Avec l'essor des "superstores" dans les années 1990, puis le boom de la vente en ligne, physique et désormais numérique dans les années 2000, les libraires indépendants sont soumis à rude épreuve aux Etats-Unis. Pourtant, après la phase de stupeur et d'ébranlement, ils sont depuis dix ans engagés dans une contre-offensive qui leur a permis de stabiliser leur part de marché autour de 10 %. Et ils pèsent "beaucoup plus", souligne le directeur général de l'Association des libraires américains (ABA), Oren Teicher, grâce à leur rôle de découvreurs.

La redynamisation de la librairie indépendante outre-Atlantique se fonde d'abord sur la mise en place d'outils collectifs de marketing, de promotion et de vente en ligne sous le label IndieBound (Indépendants associés, voir www.indiebound.org).
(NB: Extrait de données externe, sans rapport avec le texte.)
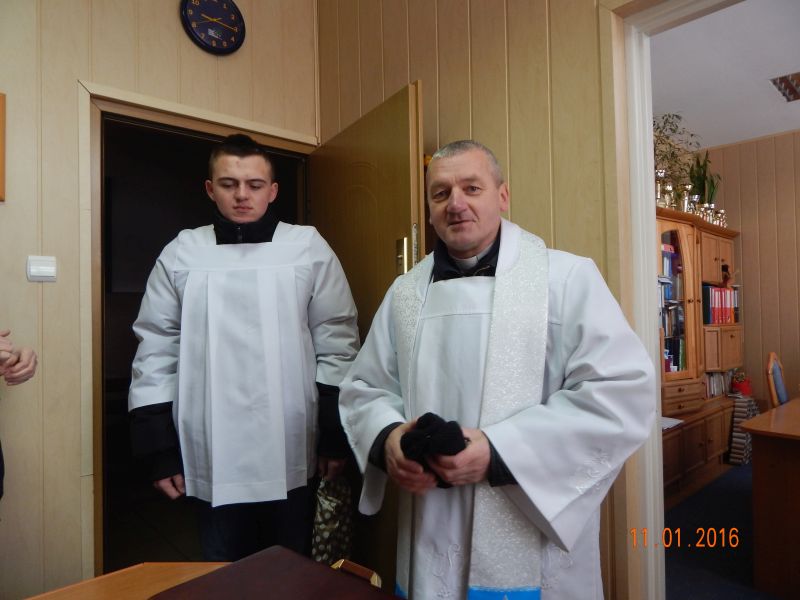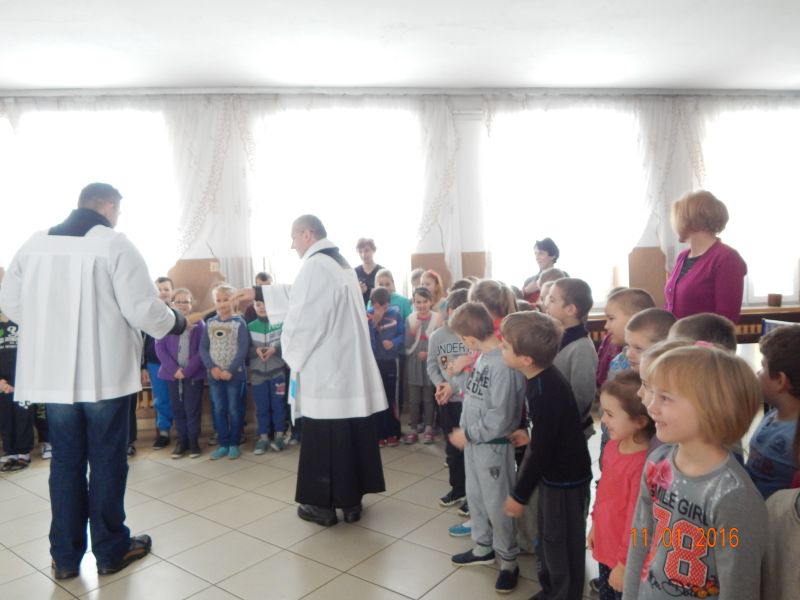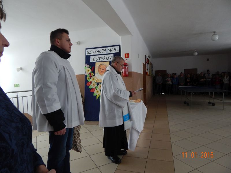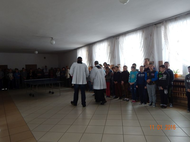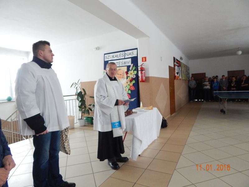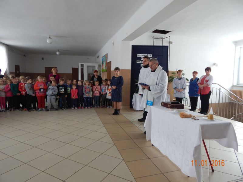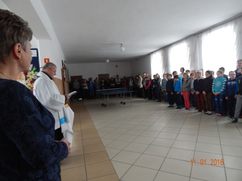W dniu 11.01.2016r. z odwiedzinami duszpasterskimi przybył do naszej szkoły ksiądz wikary Andrzej Gola. Przygotowaliśmy na tę uroczystość stół nakryty białym obrusem, na nim – palącą się świecę oraz kropidło z wodą święconą. Po powitaniu przez Panią dyrektor Urszulę Zielonka nastąpiły modlitwy prowadzone przez księdza potem był śpiew kolęd w wykonaniu społeczności szkolnej i błogosławieństwo udzielone wszystkim uczniom, nauczycielom i pracownikom szkoły.
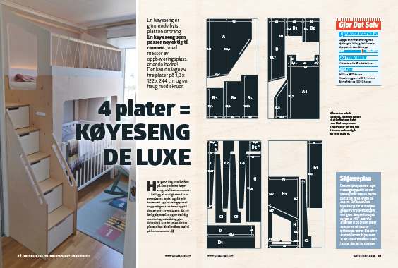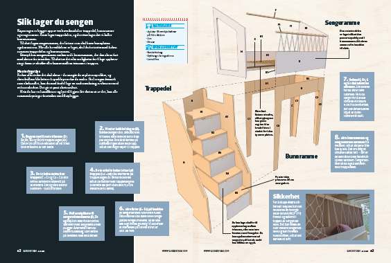 Etterpå kan sengerammen senkes ned i bunnrammen, der den skrus fast med skruer fra innsiden. Til slutt er det rike muligheter for å lage oppbevaring i form av skuffer eller kasser mellom trinnene i trappen.
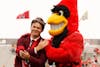 Homecoming game spectator cheers during the game Oct. 18 at Scheumann Stadium on the lawn. Isabella ...
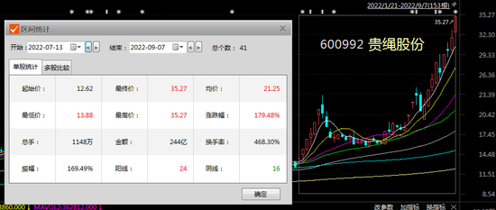 近日,曾在7月份收获6个涨停的贵绳股份,股价再度走强,并于9月7日再收涨停。自7月13日成为“习酒借壳”概念股至今,贵绳股份股价大涨近180%,创出历史新高。
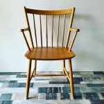 Børge Mogensen J42 for FDB, har stadig det fine gamle stempel under sædet. Har en reparation på armlæn. Er skønt patineret og stabil. 1500kr
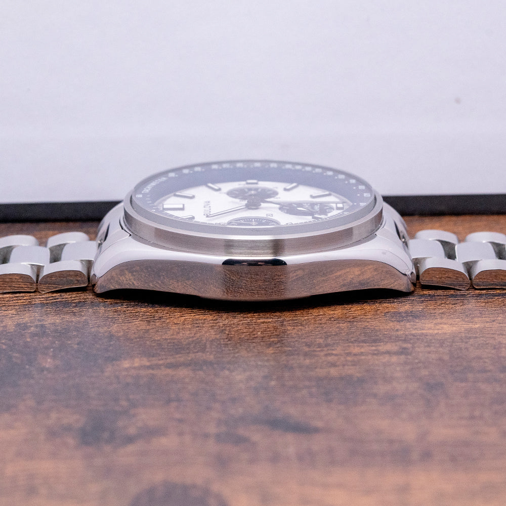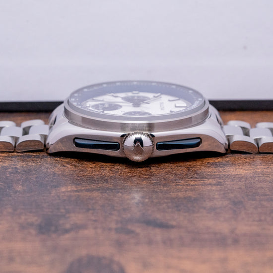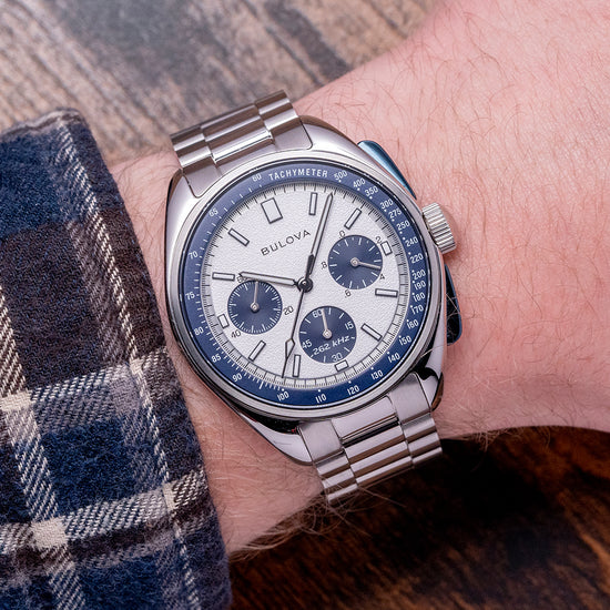 It was on August 2nd 1971, when Bulova would be walking on the Moon. But you say I thought Omega Speedmaster was the only NASA Approved Watch' and you'd be right. Still, under NASA’s own rules and regulations, Bulova made many of the timing instruments. The 46 missions and Lunar landings all used them. Therefore, Bulova presented Commander Scott of Apollo 15 with a Bulova prototype that met all the NASA requirements and passed the g force tests. But was overshadowed by the Omega as the first choice of Time device, without telling anyone he brought it on board with him. “Huston, we have a problem.” As luck would have it, his Speedy crystal popped out, so he slipped on his Bulova, and he became the first man to use an unauthorised watch while driving the Moon Buggy on the lunar surface. He made history on this day. Commander Scott decided in 2015 that he would put up for auction his beloved prototype, which reached an incredible record-breaking $1.3 million. In response to this, Bulova chose to make a special edition of the Lunar Pilot Chronograph. The Specifications were in keeping with the original case design alongside the dial and chronograph pushers but with a modern movement. Here we have a curvaceous 2023 Bulova Archive Lunar Pilot Chronograph Blue 98K112 with its distinctive polished 43.5mm Stainless Steel case; down the right side, we have the blue chronograph pushers and a signed crown in the centre. The polished bezel holds the flat, thick, Anti-Reflective Sapphire crystal. A blue Tachymeter chapter ring sits above the textured white dial. Bulova has created a multidimensional dial, keeping the indices simple and the minute track easy to read with the large sweeping chronograph seconds hand. The blue sub-dials at 9 o’clock read the minutes up to 60 mins total, the 3 o’clock spins 10th of a second to save battery, this stops after 30 seconds, but when you press the top pusher, it will read the seconds as if it has been spinning all the time and finishing the compliment off at 6 o’clock the 60 seconds hand ticks at two ticks per second. To reset the chronograph, you press the bottom pusher, and the hands sweep back into position. The pushers have a tactile click, which is very satisfying. Deciding not to use the manual wind Universal Genève movement of the original but to use their highly accurate UHF 262 kHz quartz movement, which gives the chronograph hand its distinctive sweep at eight ticks per second, while the 60-sec sub-dial ticks at two ticks per second. Unlike the standard quartz movement, it operates at 32748 kHz with an accuracy of a few seconds a month. It comes paired with its 20mm polished and brushed stainless steel bracelet with a signed concealed clasp; all links are provided, plus an additional 20mm blue Bulova-signed leather strap and comes with its Bulova presentation box and paperwork.
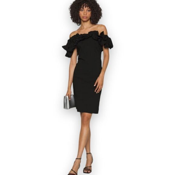 Dramatic YASCARRIE Black Off The Shoulder Ruffle Trim Mini Dress. Sheath Style Cut In A Slim Fit, Contoured Double Seam Work Throughout For Fit. Stretch Bodycon Fabric. There Is Non Slip Silicone Inner Trim At the Back and Bust To Keep Everything In Place. Invisible Side Zip Closure With Hook And Eye Loop. BNWT, No Flaws.
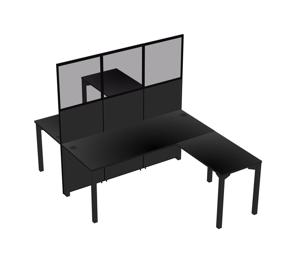 Black Shared L-shape Office Cubicle Panel System For 2 Persons
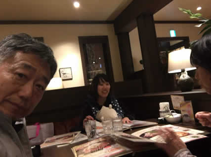 金曜日は仕事を終え、少し早めに帰ったが、何かものたりなくなり、熊谷で待ち合わせ、昔よく言った広東風居酒屋に二人でいってみた。さすがに寒いせいか、店は込んではいなかった。でもやはり、年々ネタの量がすくなくなってきているようだ。でもやっぱり枡酒はうまい。いい雰囲気でのんでしまった。今日の朝はアリーナで一時間奥さんとテニス。なんだやっぱり少しづつ体調戻ってきたじゃないか。捻挫も痛くはない。年末年始はやっぱり体調が悪くテニスも不調だっただけなのかもね。病院帰りはまたさやかのところ。これで三週連続だ。俺たちもひまだねー。そのあと、近くの喫茶店にて夕食。腹減ってなかったので、久々に食べてみたパンケーキセットだが、ここのは旨い。また今度ここに来よう。
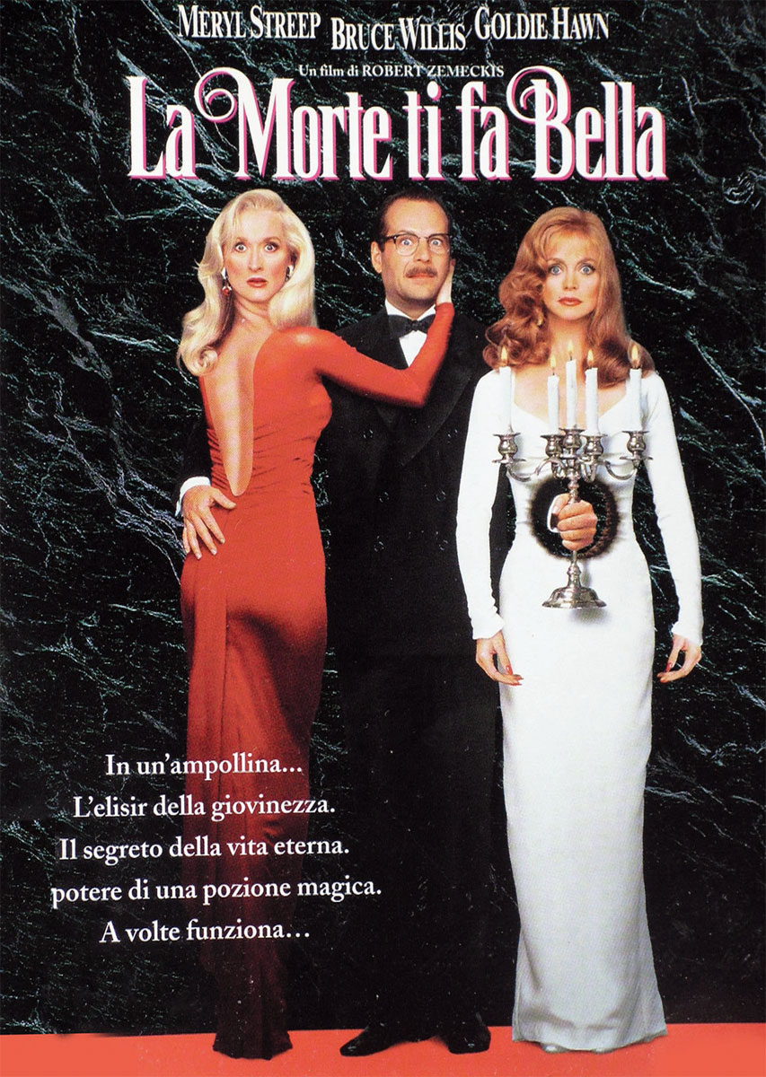 La morte ti fa bella (Death Becomes Her) è un film del 1992 diretto da Robert Zemeckis, sicuramente un cast d’eccezione per l’anno in cui fu girato. Black humor e fantasy per 99 minuti di spensieratezza.
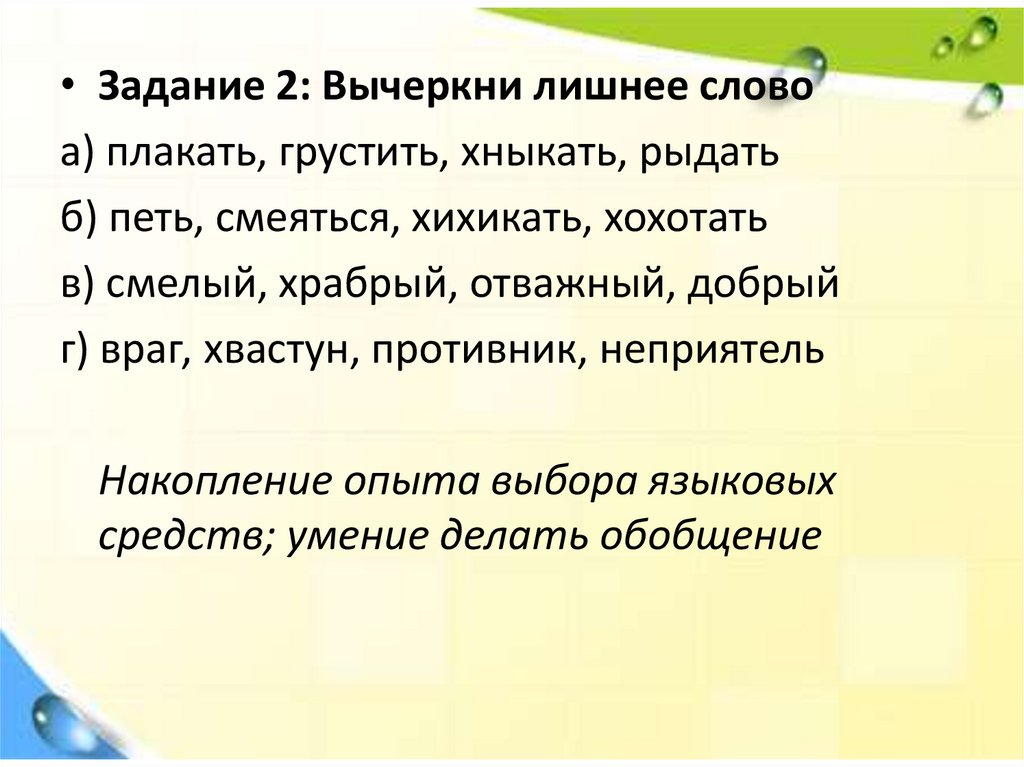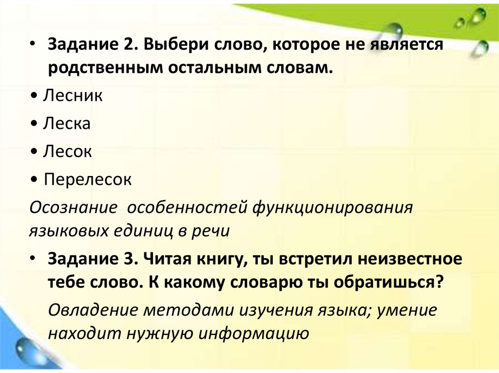• Задание 2. Выбери слово, которое не являетсяродственным остальным словам.
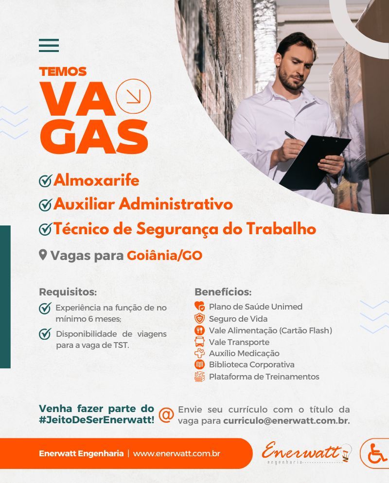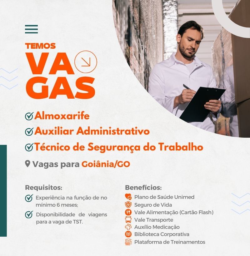 Seleção para seguintes vagas Almoxarife, Auxiliar administrativo, Técnico de segurança do trabalho; Envie seu currículo!
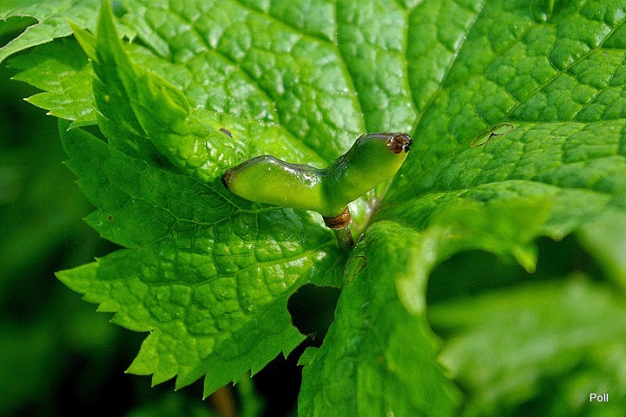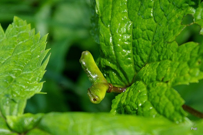 Liście glaucidium są jasnozielone i chropowate. W kształcie dłoniaste, z pięcioma 'wydzielonymi palcami' , klapowane i wyraźnie ząbkowane a - szczególnie na spodzie - widzimy ich unerwienie.
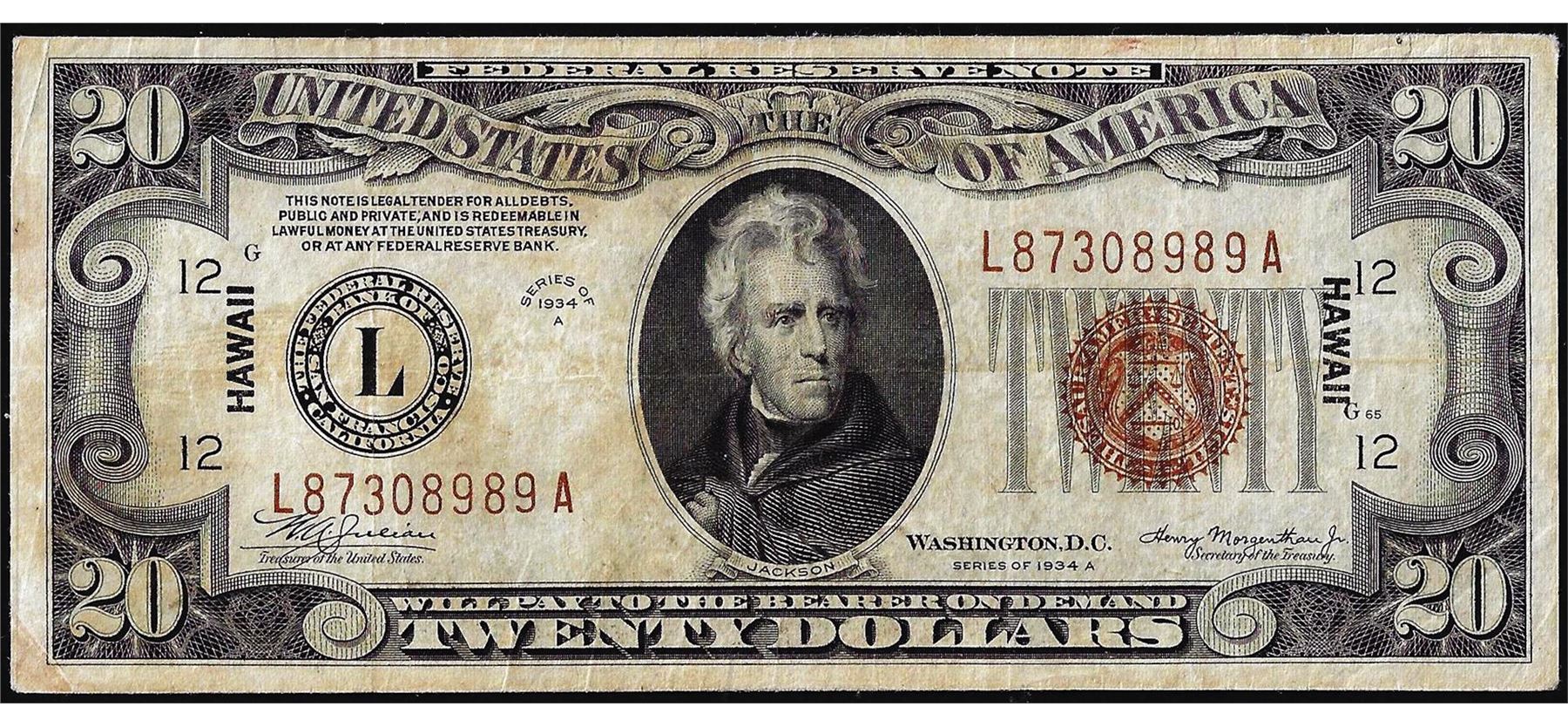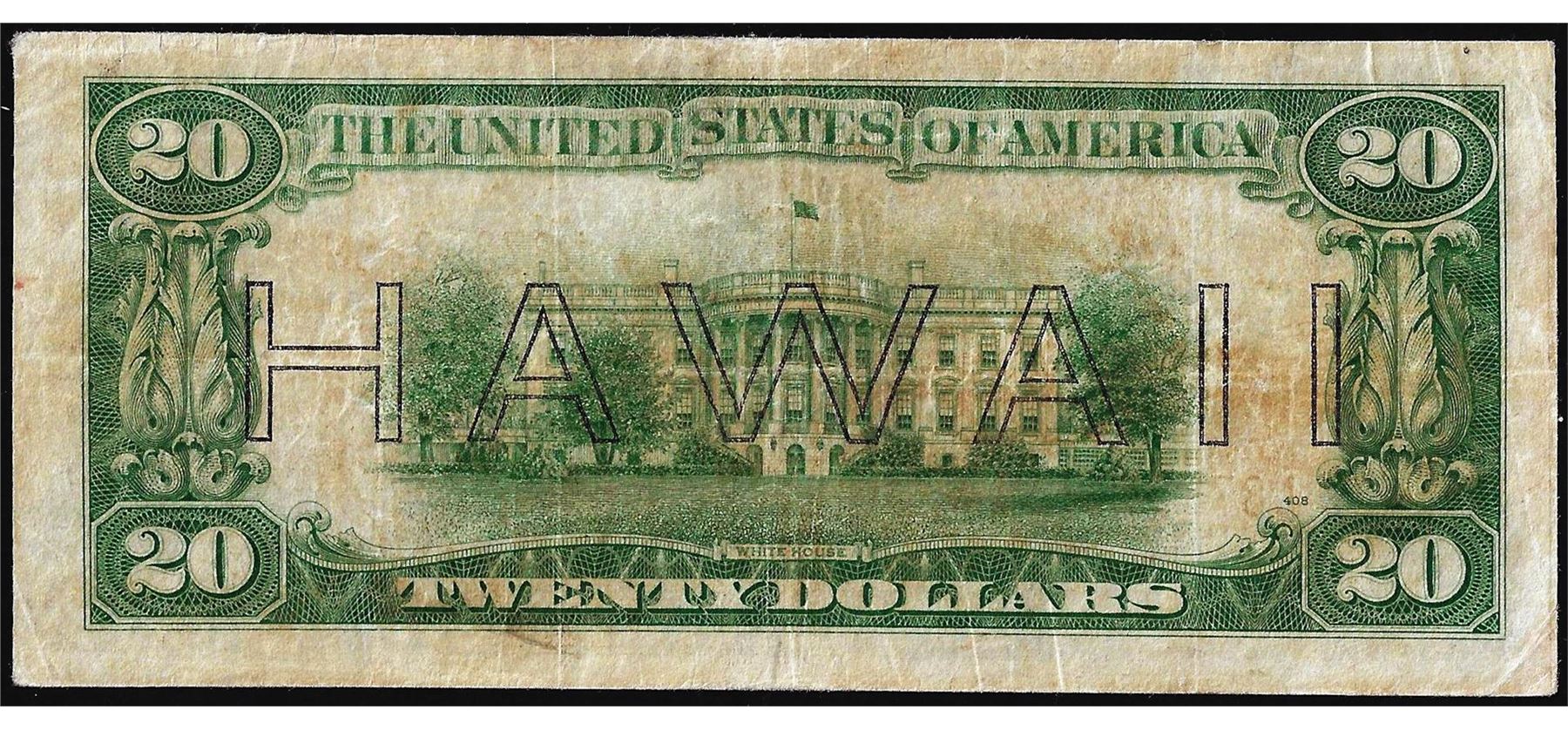 One 1934A $20 Hawaii WWII Emergency Issue Federal Reserve Note.

Elle passe aussi par les initiatives de chaque libraire au sein de sa "communauté", entendue à la fois comme géographie et comme état d'esprit. Pour dynamiser leurs relations avec leur clientèle, et développer les flux, les libraires multiplient les passerelles avec les autres acteurs locaux dans le cadre du mouvement "Buy local !" ("Achetez localement !"). Ils créent de nouveaux services gratuits ou payants : ateliers d'activités, billetterie, agence de voyages ou camps d'été. Pour Oren Teicher, "le marché du livre évolue tellement que la librairie doit réinventer son modèle économique".

Santa Cruz (Californie) : Promenons-nous dans les bois

"Ces initiatives participent du travail très local que nous menons pour éduquer les gens au livre et à la lecture." CASEY COONERTY PROTTI, BOOKSHOP SANTA CRUZ- Photo BOOK PEOPLE

Avec 1 900 m2 de surface de vente, Bookshop Santa Cruz ne manque pas d'espace. Pourtant, l'équipe de 35 salariés de la grande librairie indépendante de Santa Cruz, au sud de la Californie, ne rate pas une occasion d'entraîner ses clients au vert, à l'écart du magasin, qui présente quelque 30 000 titres neufs et d'occasion. "Nous faisons énormément d'événements en extérieur", confirme sa propriétaire, Casey Coonerty Protti, qui a repris en 2006 l'entreprise fondée il y a quarante-cinq ans par ses parents. La jeune femme voit dans cette démarche à la fois un moyen de fidéliser la clientèle, au sein de laquelle 17 000 personnes reçoivent régulièrement la newsletter de Bookshop Santa Cruz et ses offres commerciales, et de différencier sa librairie des succursales des chaînes.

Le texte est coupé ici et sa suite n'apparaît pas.